Wei Yutang asintió inconscientemente, pero el pequeño, que acababa de relajarse, se tensó de nuevo y corrió a la mesa del comedor para sentarse junto a su padre.
¿No te acabas de comer un montón de cangrejos de río? ¿Tienes hambre otra vez?
"Ejem."
En la mesa solo había tres platos: verduras salteadas, sopa de tomate y huevo, y cerdo salteado. Las raciones no parecían muy grandes.
Dado el estatus de Wei Yutang, había visitado la mayoría de los restaurantes medianamente famosos, pero las habilidades culinarias de Chu Qing aún eran algo inferiores a las de los mejores chefs.
Pero en esa comida siempre había una sensación hogareña única que, inesperadamente, ablandó un rincón del corazón de Wei Yutang.
Xiaxia había comido tantos cangrejos de río que ya estaba bastante lleno, y Chu Qing se dio cuenta de ello, así que no le sirvió mucho arroz.
Este niño siempre ha sido muy fácil de cuidar. Al coger la comida, no dejaba pasar ni un trozo de carne ni de verdura. Después de terminar de comer, incluso sacaba la mitad de un tazón de sopa y la soplaba suavemente para enfriarla.
Wei Yutang vio que el camarón que había pelado antes seguía intacto en el plato sobre la mesa, lo cogió y lo colocó delante de Chu Qing.
Recordaba que Chu Qing siempre le pelaba la fruta a Xia Xia, pero él mismo nunca había tenido la oportunidad de probarla.
"¿Eh?"
Las acciones de Wei Yutang hicieron que Chu Qing lo mirara con cierta confusión en sus ojos.
"No lo decía con mala intención, solo pensaba que no comías mucho."
Tras decir esto, Wei Yutang apretó con fuerza los palillos, sintiendo inexplicablemente que su comportamiento era como intentar ocultar algo, sobre todo porque la primera frase no parecía tener ningún otro significado.
Las yemas de sus dedos se pusieron ligeramente blancas por la fuerza que ejercía, y se obligó a parecer tranquilo y sereno.
Vale, gracias.
Chu Qing no rechazó su amabilidad.

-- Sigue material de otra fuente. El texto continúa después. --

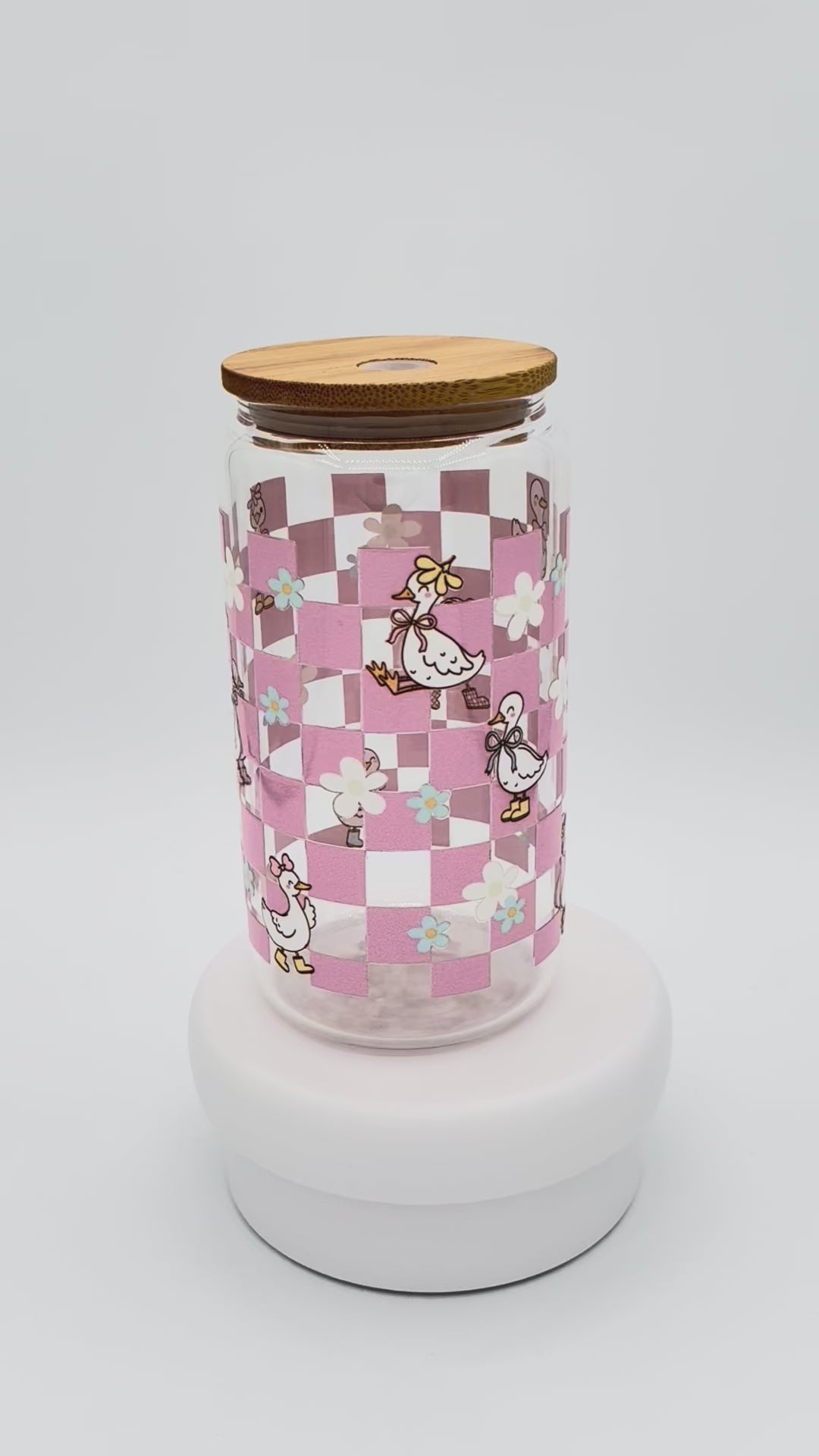 Will include ONE 16-ounce glass can cup (3-inch diameter x 5.25-inch height) with bamboo lid and plastic straw. The bamboo lid for the glass includes a silicone sleeve, which seals the glasses and prevents leaks or spills. The lids make it easy to take your drink on the go :)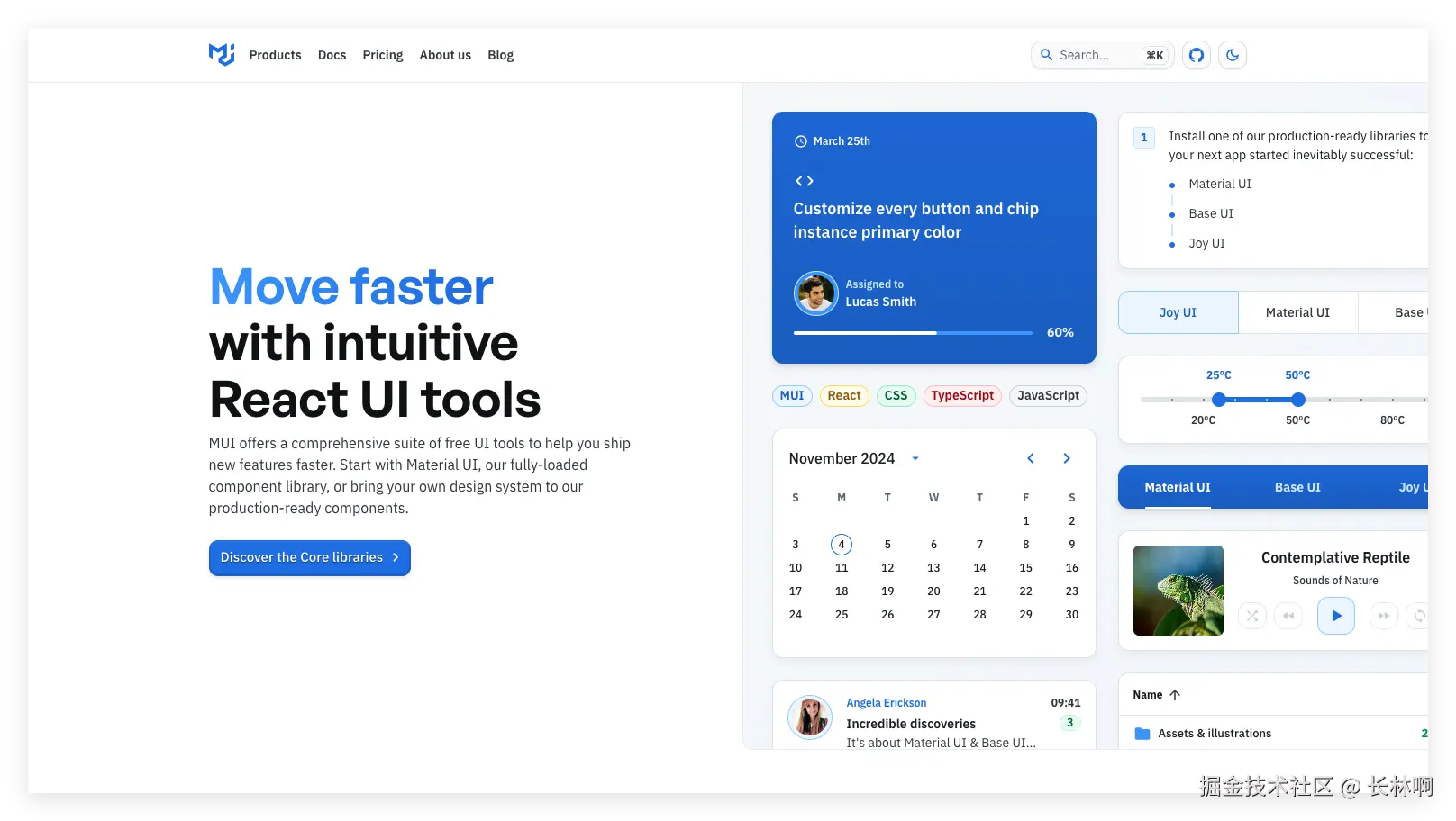 Material UI 是一个开源的 React 组件库,基于 Google 的 Material Design 规范实现。它包含一个全面的预构建组件集合,开箱即可在生产中使用,并具有一套自定义选项,可以轻松地在我们的组件之上实现你自己的自定义设计系统。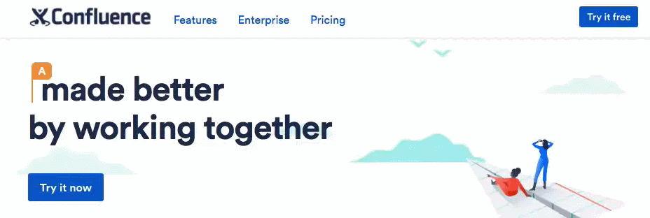 Atlassian旗下的Confluence品牌的核心價(jià)值是“make better by working together”,因此在動(dòng)態(tài)slogan中保持核心文案不變,切換開頭的主語來突出產(chǎn)品的適用范圍: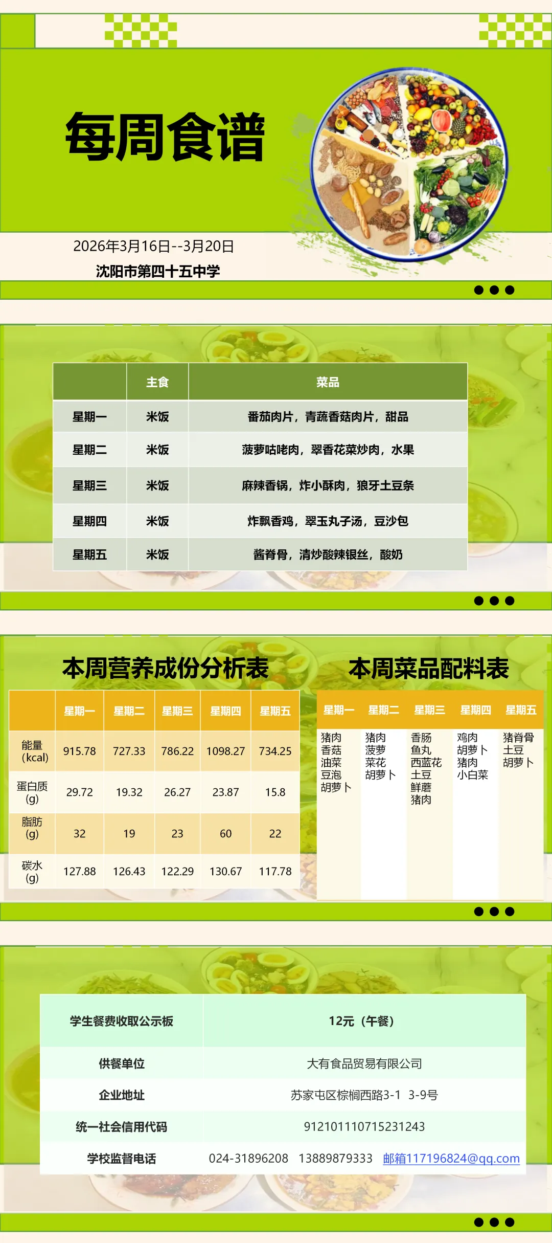 【南昌 满融】沈阳市第四十五中学2026年3月16日-3月20日食谱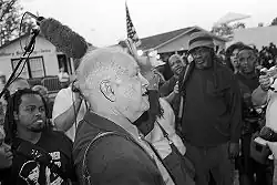 Rallies in support of the Jena Six were held in Jena on September 20, 2007, the date upon which Bell was scheduled for sentencing.[73] An estimated 15,000 to 20,000 demonstrators attended the rally that day, severely overtaxing the facilities of the small town. Protesters took buses from such distant cities as Los Angeles and Washington, DC.[38] Because of the congestion on the roads leading to Jena, many protesters left their vehicles and continued into town on foot.[38] Attendees included civil rights activists Jesse Jackson, Al Sharpton, and Martin Luther King III,[74] and rappers Mos Def[75] and Salt-n-Pepa. Rapper-actor Ice Cube attended and financially supported the rally.[76] Darryl Hunt, an African American who was wrongfully convicted of the rape and murder of a young white newspaper reporter in 1984, was scheduled as a keynote speaker.[77] The demonstrators were addressed by Darryl Matthews, General President of Alpha Phi Alpha fraternity, who said, "It is sobering to know that in 2007 Martin Luther King's dream of equal treatment, respect, fairness and opportunity is still not realized".[78]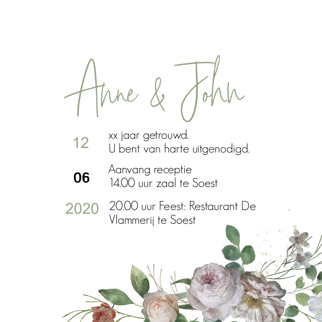 Geschilderde jubileumkaart met geschilderde bloemen. Zo lijkt deze jubileumuitnodiging op een persoonlijk geschilderde canvas voor je familie en vrienden.
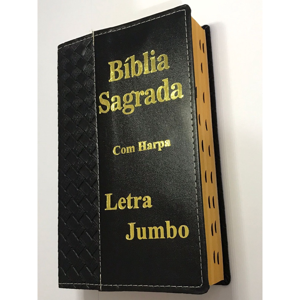 BÍBLIA SAGRADA LETRA JUMBO - CAPA LUXO - C/ HARPA - REVISTA E CORRIGIDA Letra Jumbo - A maior do mercado Capa em tecido semi-impermeável de ótima qualidade. Letra JUMBO que facilita a leitura para pessoas com problemas de visão e com uma grafia simplificada onde fica mais fácil entender os textos. ESPECIFICAÇÕES DO PRODUTO: - Papel Branco - Novo e Velho Testamento - Com Índice Lateral - 1.639 Paginas + Harpa e Corinhos - Tamanho: 19x25 A versão João Ferreira de Almeida Revista e Corrigida é uma das mais fiéis das Escrituras originais que se tem acesso no Brasil. Com uma linguagem rica é também uma das mais usadas e conhecidas no país, servindo de base para diversas outras que estão no mercado. Com uma linguagem única, elegante e profunda, esta tradução tem a missão de trazer a Palavra de Deus para aqueles que têm sede de compreendê-la.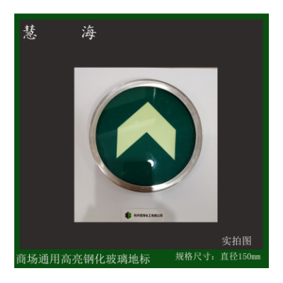 基本說明:該產品采用上8mm下5mm的雙層高強度鋼化玻璃,中間夾圓d=150mm夜光pvc標志,通過夾膠工藝制作合成一體,總尺寸:d=150mm,h=13mm,可按客戶要求加工、定制

Tras probarlo, sintió que sus habilidades culinarias no eran malas, salvo que la langosta tenía un ligero sabor a pescado cuando estaba fría.
El hombre, que acababa de terminar de comer, no pudo resistir la tentación de servirse un segundo plato de arroz tras terminar el primero. Al final, se comió los tres platos.
Xiaxia estaba sentada allí con la barbilla apoyada, mirando a su padre con una expresión de preocupación en el rostro.
Mientras su padre iba a tender la ropa, ella saludó con la mano a Wei Yutang y le preguntó en voz baja:
"Padre, ¿estás en bancarrota?"
"¿Eh? ¿Por qué preguntas esto de repente?"
La empresa de Wei Yutang ha estado prosperando últimamente, e incluso han establecido una alianza con una conocida compañía extranjera. No entendía por qué Xia Xia le había preguntado de repente sobre esto.
"Pensé que te estabas muriendo de hambre afuera. Me alegra que no hayas quebrado."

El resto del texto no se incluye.